Wednesday, November 11, 2009

Suffering in Silence

Scripture Reference: Luke 4:18, Isaiah 61:1

After seeing two people being purged and delivered from demonic forces over the past couple of weeks, I am compelled to raise the following questions:

1) How many more come through the doors of the assembly, sit amongst the body week after week, and have not been recognized as needing deliverance?
2) Who amongst the body suffers in silence and we are totally unaware?
3) How many go from week to week spiritually untouched, unnoticed, unacknowledged, and unloved within our houses of worship?
4) Why are we (the body as a whole) spiritually insensitive to their plight?

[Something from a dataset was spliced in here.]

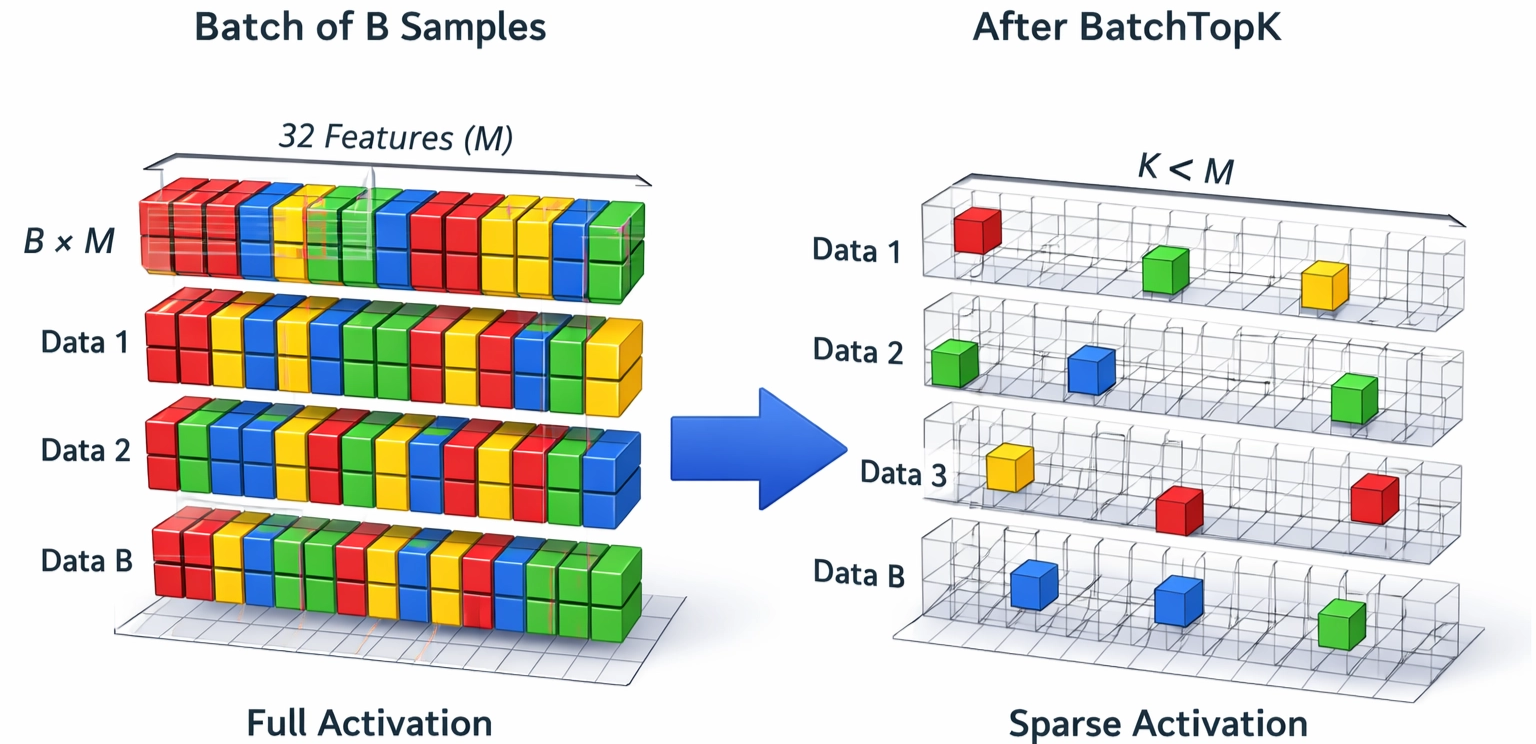 ๋ฑ ์จ๋จน์๋ฐ๊ฐ ์๋ค๋ ์ ์์ ๊ธฐ์น์ ๊ฒฐ์ด ์ฐธ ์ข์์ ๋จ์ : BatchTopK(32,4)๊ฐ ๊ฒฝํ์ ์ผ๋ก ์ ์ผ ์ข์๋ค๊ณ ํ๋๋ฐ ์ ์ข์์ง ์๋ฌธ์. ์ข ๋ latent space์ ํฌ๊ธฐ๋ฅผ ๋๋ ธ์ผ๋ฉด ๋ ๋ฏธ๋ฌํ ์ฐจ์ด๋ฅผ ์ก์๋ผ ์ ์์ง ์์์๊น? ์ ์: M๊ณผ K๋ฅผ ๋ค๋ฅด๊ฒ ํ ์คํ์ ๋ณด์์ผ๋ฉด ๋ ์ข์์ ๊ฒ ๊ฐ์ | 4.2 |

Deliverance can only come in an atmosphere that is free - free of judgment, free from man's rules, and free to allow the Holy spirit to operate in the saints who are commissioned to release the captive, heal the sick, mend the mend the brokenhearted, lift the downtrodden, and restore to wholeness the fractured souls that walk amongst us. The Body of Christ has not seen the manifestation of such power, due to a lack of compassion snuffed out by the spirits of religion, tradition and python - squeezing out and suffocating the believer. We don't see the suffering because we have either lack the compassion necessary in order to see past the flesh (spiritual sight), or feign ignorance such as to not be held accountable for those whose plight we do see.

We are bound by what others will say and think of us. We are afraid of how others will treat and respond to us - friends, family, fellow Christians, and strangers - if they knew what ails us, what broke us, and what we struggle with. We are bound by fear of recrimination. We are bound by the fear of offending someone and harsh rebuke if we inquire as to the spiritual state of those in our midst. We are bound by political correctness and the spirit of offence. We are bound to callous responses to others’ suffering through religious traditions and dogma - "Just have faith!” or “Hold on to faith" we flippantly tell them – none of which have much comfort and solace in the fiercest heat of the firestorm of trials and tribulation that the downtrodden find themselves in.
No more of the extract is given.